Very practical things like:
✅ Write content
✅ Optimize for SEO
✅ Capture emails
✅ (Don't) use pop-up email captures
✅ Create a launch list
✅ Write content in this very specific format
✅ Have different pricing offerings
✅ Reuse and repurpose your content
✅ Charge more
✅ Charge less!
✅ (Don't) use Twitter
✅ Hang out where your people are
✅ Launch (on Product Hunt and a million different places)
✅ Do TikTok
And the thing is, this isn’t wrong advice. Much of this stuff has to happen in any business. Yet, when it’s thrown out as advice in the open, it’s usually not very relevant or helpful.
The reality that most people don’t want to hear is that building a business is hard. The one tactic that might work for one business won’t necessarily work for another. There is simply no one answer that fits all.
There are so many things at play that it is almost impossible to know what will work.
Sometimes you have the wrong vibe. Or you’re one year too early, or one year too late.
Maybe people don’t listen to you because you don’t play the algorithm game, or because you’re a woman (or insert another minority here).
Could it also be that maybe you didn’t love the problem enough?
Or perhaps you didn’t hold on long enough, maybe pushing for one more month or one more year would have seen you through. Or maybe not. Maybe pushing through is too much for you and where you are at right now.
We are led to believe that we can get to this graph below. But what if we don’t? Is the work to get there truly worth all the sacrifices along the way? Do we have to just keep hustling more? Do we miss out on our kids growing up to get there? At what point do we say ‘no’.
What are we even measuring here? Is money, followers and subscribers the only measure? Surely there is more to life than that?
So many things at play. So many reasons for things succeeding and also for not working out.
I’m not saying not to take advice from people. It’s more to take advice with a pinch of salt and choose to listen to people who care or know your situation well.
I’m not saying not to take a good stab at a successful business. Definitely go for it, but don’t expect your story to be the same as what is marketed to you.
What the growth charts miss
I guess what I am saying is that reality is different.
The constant chasing of attention is unhealthy and mostly a distraction. We get excited and dangerously worship spikes even if we know it’s often meaningless and the trough of sorrow will follow.
As indie founders the spikes in traffic are like drugs. They are chased like an addiction. We worship them. Tell stories of their greatness.

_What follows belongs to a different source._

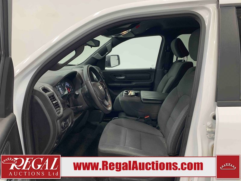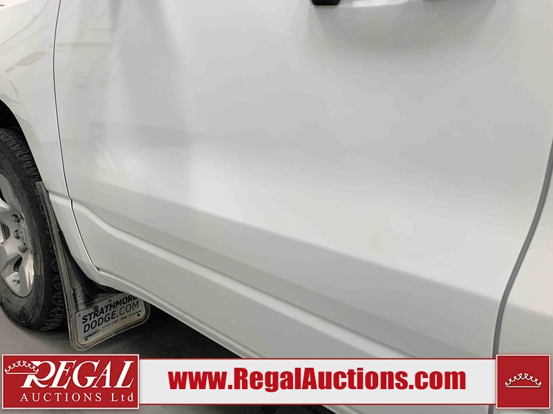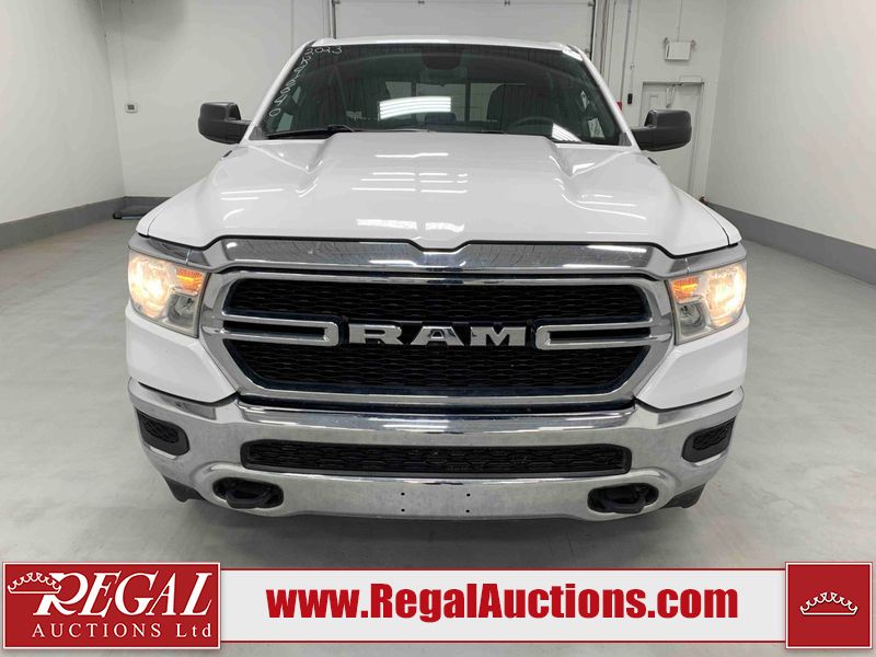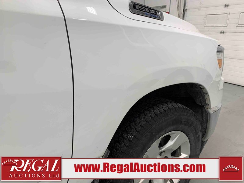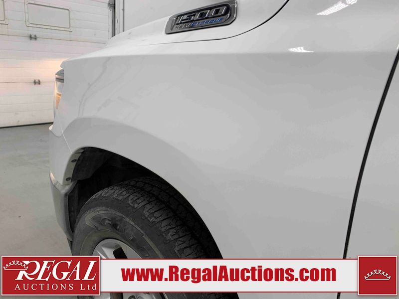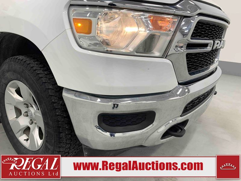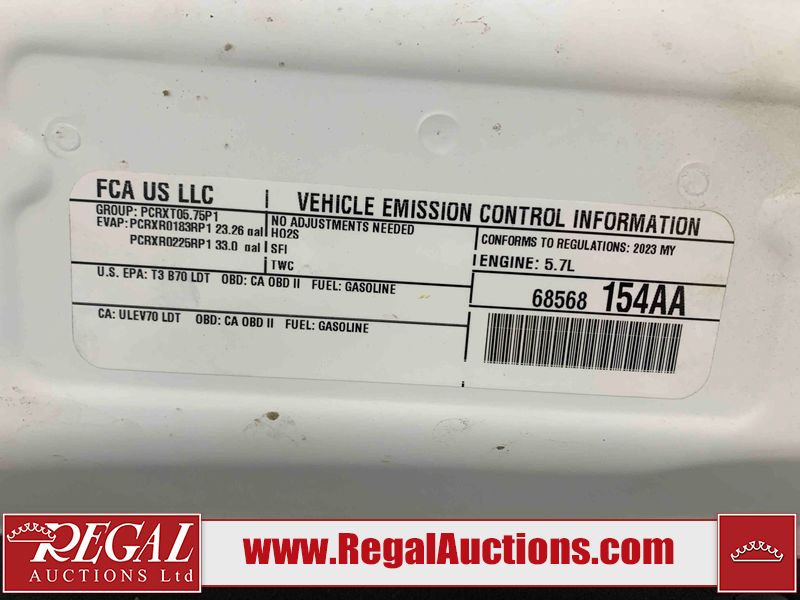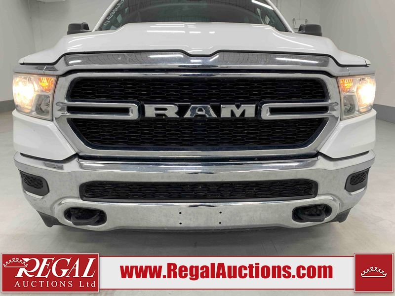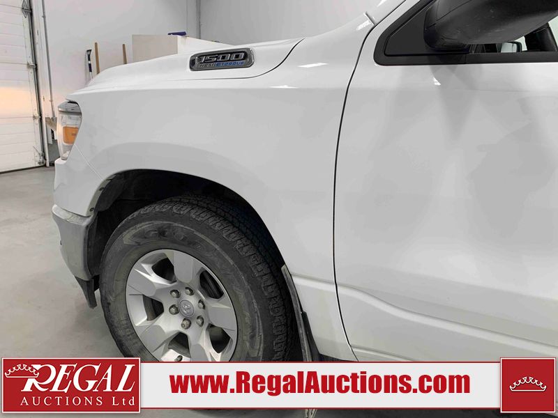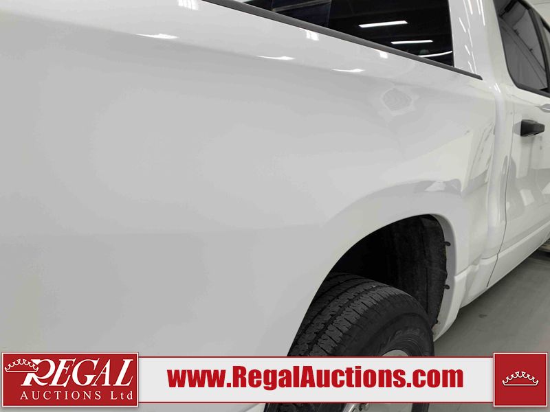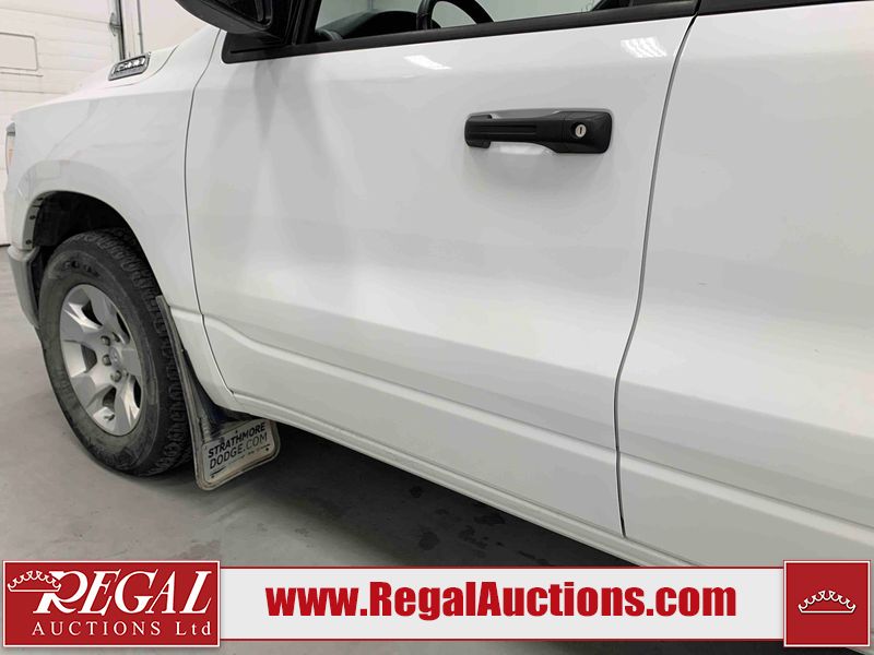 This 2023 RAM 1500 TRADESMAN CREW CAB SWB 4WD 5.7L is powered by a 8 cylinder e-torque gasoline engine and an automatic transmission. It is equipped with four wheel drive. The truck has seats for 6 people. The truck has high mileage for its age. The vehicle has high value options including a backup camera. The body looks to be in good condition overall. There are chips on the front bumper and roof. There are very minor scratches in many areas around the body. There are very minor chips in many areas around the body. There is very minor dent damage on the right rear door. The interior looks to be in fair condition overall. The rear seats are stained. The carpet is dirty. The roofliner is dirty. The windshield is chipped. The rear tires are worn. The front tires have lots of tread remaining.

What people also seem to miss out on is how this growth obsession destroy spaces. How they create extra work, noise and waste. How communities get bombarded and drowned out with all the ‘marketing hacks’. How we waste our one precious life sifting through growth stories just so we can hope to get in on it too. How we’re made to feel inadequate because we have not quite achieved those numbers.
Sure, it can work for some, but the reality is that the obsession with growth does more harm than good. It is vanity. And it becomes a game that most can’t sustain. Many burn out and give up along the way.
And we don’t talk about it. Or if we do, it’s years later and we realise we’ve been duped. We’ve been sold a story of one moment in time. A story that if we had known the complete truth we wouldn’t have wanted to be a part of it.
When we look at the growth charts we follow the line with our eyes with excitement. Yet we fail to tell the stories of what got us there and what happened afterwards. The pain. The suffering. The challenges. The failures.
And it is the burnout. The stress. The lack of satisfaction. The unsustainability of it all. That people don’t get to see. It gets covered up to paint a rosie picture.
I love a growth chart. It is motivating. But I’ll create it on my own terms. In my style. In a way that feels good to me because deep in my heart I believe this is how growth does happen.
It’s tapping into who you are, not what others want you to be.
It’s finding a formula that works for you. That you believe in and enjoy doing.
It’s about understanding that sometimes growth is not always about more followers, subscribers or revenue. Often it is personal. About how much you help others grow. Or maybe it’s the growth in quality.
And perhaps most importantly, it’s about growth in confidence and pride in yourself and your work. You can find your path and your journey. And that it is ok that it doesn’t look like anyone else’s.